Обессиленный, я впал в забытье… Увы, для того лишь, чтоб мучиться кошмарами о Страшном суде и преисподней. Впрочем, они заставили меня, хвала Господу, проснуться, иначе я повредился бы рассудком.
И я стал молиться и молился долго. Помолившись и должным образом собравшись с мыслями, я начал размышлять.
Кажется, я отчасти пришел в себя. Я смотрю на то, что произошло, совершенно непредвзято. «То, что произошло» — сколько жизнестойкости в этих словах!
Мне следует проложить через, скажем так, заросли моих чувств — ужас, отвращение, негодование — верную тропу, то есть составить трезвое обо всем суждение. Я — отчасти жертва неприязни, которую капитан Андерсон выказывал по отношению ко мне с самой первой встречи. Разыгранное вчера представление не могло состояться без его одобрения или хотя бы молчаливого согласия. Деверель и Камбершам — лишь приспешники капитана. Теперь мне ясно: я счел себя опозоренным без всяких на то причин, если не принимать во внимание моей оскорбленной стыдливости, и это указывает на мою неспособность быстро проникать в суть происходящего… Но нет, что бы я ни говорил, думаю-то я иначе — и я уже молил Спасителя меня за то простить, — меня все же слишком волнует мнение обо мне благородной публики…
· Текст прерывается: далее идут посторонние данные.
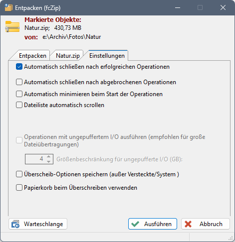 Wenn die Schaltfläche "Abbruch" aktiviert wird, wird der Entpackvorgang (dieser und aller weiteren "Konfliktdateien") abgebrochen. Alle bereits erfolgten Entpackvorgänge bleiben erhalten (alle "konfliktfreien" Entpackvorgänge und das Entpacken aller Dateien, für die Konflikte vorher manuell entschieden wurden). - Weitere Einstellungen

Конечно, я в большей степени стал жертвой греха, чем согрешил сам, однако же следует прежде всего блюсти чистоту дома своего, а еще снова и снова учиться — и конца нет этому уроку! — учиться прощать. Что, спрашиваю я себя, обещано слугам Господа в сем мире? А коль так, пусть моим уделом станут гонения. Я ведь не одинок.
И я вновь молился — с большим пылом — и поднялся с колен человеком, как я убежден, более добродетельным и смиренным. Пережитый мной позор я почитаю не чем иным, как указанием подставить другую щеку. Но остается еще и оскорбление, нанесенное через меня Тому, чье Имя слишком часто бывает у людей на устах, но, увы, редко в сердце. Настоящее оскорбление нанесено моему сану, и посредством этого — великому воинству, коего самым последним и ничтожным из воинов я являюсь. Оскорблен Сам Господь, и хотя он и может простить, и, несомненно, простит, мой долг — отчитать виновных, а не смириться молча с поношением!
Не ради нас, Господи, но ради Тебя!
После того, как я это написал, я опять уснул, теперь уже спокойным сном, а когда проснулся, корабль легко бежал, подгоняемый несильным ветерком. Воздух стал прохладнее.
Вспомнив события вчерашнего вечера, я вздрогнул от ужаса, который с трудом преодолел. Затем я вновь ощутил сильнейший внутренний импульс, данный мне вчерашней моей молитвою, и встал, точнее, вскочил с койки — с радостью, ибо обрел еще большую уверенность в великой истинности Христианского вероучения! И молился я, можешь поверить, куда долее обычного.
Поднявшись с колен, я промочил горло, а потом сел и приступил к тщательному бритью. Сейчас моим волосам не помешала бы твоя забота. (Но тебе никогда этого не прочесть! Положение становится все более странным; по-видимому, рано или поздно придется подвергнуть написанное цензуре!) С не меньшим тщанием я облачился в парик, шляпу, надел ленты. Я велел слуге проводить меня туда, где хранится мой сундук, и после некоторых пререканий меня пустили в темные недра нашего корабля. Я отыскал ризу и капюшон, достал подписанное епископом разрешение проповедовать и положил его в карман сюртука. Теперь-то, когда у меня есть все священные атрибуты, я смело могу встретиться с кем угодно на корабле и ничего не опасаться… как ты знаешь, я когда-то разговаривал с разбойником с большой дороги! Твердым шагом я поднялся на шканцы и на возвышение в задней, или кормовой части этой палубы, где обычно обретается капитан Андерсон. Я стоял и озирался. В правый борт дул свежий ветерок. Капитан Андерсон прохаживался взад-вперед. Мистер Тальбот с еще одним или двумя джентльменами стоял у поручней; он прикоснулся к шляпе и двинулся вперед. Увидев его намерение по-дружески меня приветствовать, я возрадовался, но на этот раз просто поклонился и прошел мимо. Я пересек палубу, встал на дороге у капитана Андерсона и снял шляпу. На сей раз он сквозь меня не прошел. Он замер, уставился на меня, открыл рот, потом закрыл.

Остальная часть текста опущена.